The Brentwood Police Department will have a new state-of-the art firearms training simulator system in its new police headquarters that is scheduled to open in the spring of 2021.
The simulator was approved as part of the consent agenda in Monday night's City Commission meeting and will replace the department's current "Ti" system.
The new simulator will be set up in an entire room on the first floor of the headquarters, and according to the online agenda, will be paid for through contract initiation payments, including a one time total cost of $7,570, which includes setup and training for $6,270 and shipping and handling for $1,300, which will be paid with money budgeted for the HQ project in the Capital Projects Fund.
The new VirTra system will also include an annual subscription payment of $47,718 will include all warranty and maintenance for up to five years, which will be covered by the General Fund.
BPD Chief Jeff Hughes said in a news release that the technology is an essential upgrade that will allow officers to train in a virtual climate on decision-making scenarios pertaining to use of force including de-escalation tactics.

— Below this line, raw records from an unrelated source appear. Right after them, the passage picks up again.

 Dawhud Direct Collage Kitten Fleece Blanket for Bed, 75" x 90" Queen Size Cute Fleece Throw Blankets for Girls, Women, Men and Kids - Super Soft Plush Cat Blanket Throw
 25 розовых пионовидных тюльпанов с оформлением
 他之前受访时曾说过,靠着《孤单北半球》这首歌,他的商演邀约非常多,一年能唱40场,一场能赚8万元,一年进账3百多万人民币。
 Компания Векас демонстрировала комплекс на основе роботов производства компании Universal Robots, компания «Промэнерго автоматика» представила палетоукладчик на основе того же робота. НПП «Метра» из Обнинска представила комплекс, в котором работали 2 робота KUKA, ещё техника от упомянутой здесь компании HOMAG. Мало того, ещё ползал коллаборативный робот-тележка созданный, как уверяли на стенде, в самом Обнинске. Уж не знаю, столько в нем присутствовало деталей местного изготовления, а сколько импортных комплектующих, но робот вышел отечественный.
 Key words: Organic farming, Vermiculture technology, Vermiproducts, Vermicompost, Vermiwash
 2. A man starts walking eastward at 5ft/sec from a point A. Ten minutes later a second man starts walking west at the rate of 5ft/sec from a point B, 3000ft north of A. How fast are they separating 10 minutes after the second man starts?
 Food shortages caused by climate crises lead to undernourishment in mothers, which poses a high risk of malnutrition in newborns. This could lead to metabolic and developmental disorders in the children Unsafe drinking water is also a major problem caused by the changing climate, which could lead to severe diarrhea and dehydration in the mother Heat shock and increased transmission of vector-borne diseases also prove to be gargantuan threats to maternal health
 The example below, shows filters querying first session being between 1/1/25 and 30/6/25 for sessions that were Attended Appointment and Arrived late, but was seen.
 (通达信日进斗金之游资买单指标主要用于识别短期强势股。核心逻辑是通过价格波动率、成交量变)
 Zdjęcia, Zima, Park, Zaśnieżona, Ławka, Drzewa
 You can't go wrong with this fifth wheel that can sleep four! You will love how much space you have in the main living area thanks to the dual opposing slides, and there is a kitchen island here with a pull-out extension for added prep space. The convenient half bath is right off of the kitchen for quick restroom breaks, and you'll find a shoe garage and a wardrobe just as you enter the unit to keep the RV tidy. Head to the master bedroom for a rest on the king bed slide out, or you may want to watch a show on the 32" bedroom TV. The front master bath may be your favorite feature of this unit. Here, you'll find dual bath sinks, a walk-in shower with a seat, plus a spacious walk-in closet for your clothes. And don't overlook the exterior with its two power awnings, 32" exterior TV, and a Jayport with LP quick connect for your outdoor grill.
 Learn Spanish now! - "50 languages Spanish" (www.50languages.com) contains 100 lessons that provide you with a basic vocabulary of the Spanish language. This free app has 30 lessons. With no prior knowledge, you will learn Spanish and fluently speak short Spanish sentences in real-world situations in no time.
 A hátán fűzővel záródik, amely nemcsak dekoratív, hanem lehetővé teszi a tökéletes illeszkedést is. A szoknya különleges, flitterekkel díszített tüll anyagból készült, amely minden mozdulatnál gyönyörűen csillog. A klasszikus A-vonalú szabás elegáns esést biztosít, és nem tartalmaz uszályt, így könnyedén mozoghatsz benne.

“Despite our continued training on proficiency, police find they are more likely to be criticized for their decision making when it comes to shoot/don’t shoot. In those few seconds an officer decides to shoot or not, there are a lot of factors running through one’s mind,” Hughes said.
“One of the major benefits of using the professionally produced scenarios on the VirTra Simulator is the cultivation of effective verbal communication (de-escalation skills) with subjects during tense situations."
The simulator will include two AR-15 rifles drop-in kits with four magazines, two Smith and Wesson M&P 9mm pistols with six magazines, two X2 Taser weapons, two OC Canisters and access to an entire library of training scenarios.
Some of those training scenarios include curriculum designed to help law enforcement professionals bridge the communication gap and interact more effectively, and positively, with individuals with autism, as well as active shooter training.
"The controller can control what happens in the scenario based on the officer’s actions, so that will give them the opportunity to practice de-escalation skills," Hughes said.
"Just like with the Citizens Police Academy, we allow citizens and the public to experience this because you get a real feeling for what it’s like to be in a situation and know what’s going through an officer’s mind and what it feels like to have to shoot or not shoot."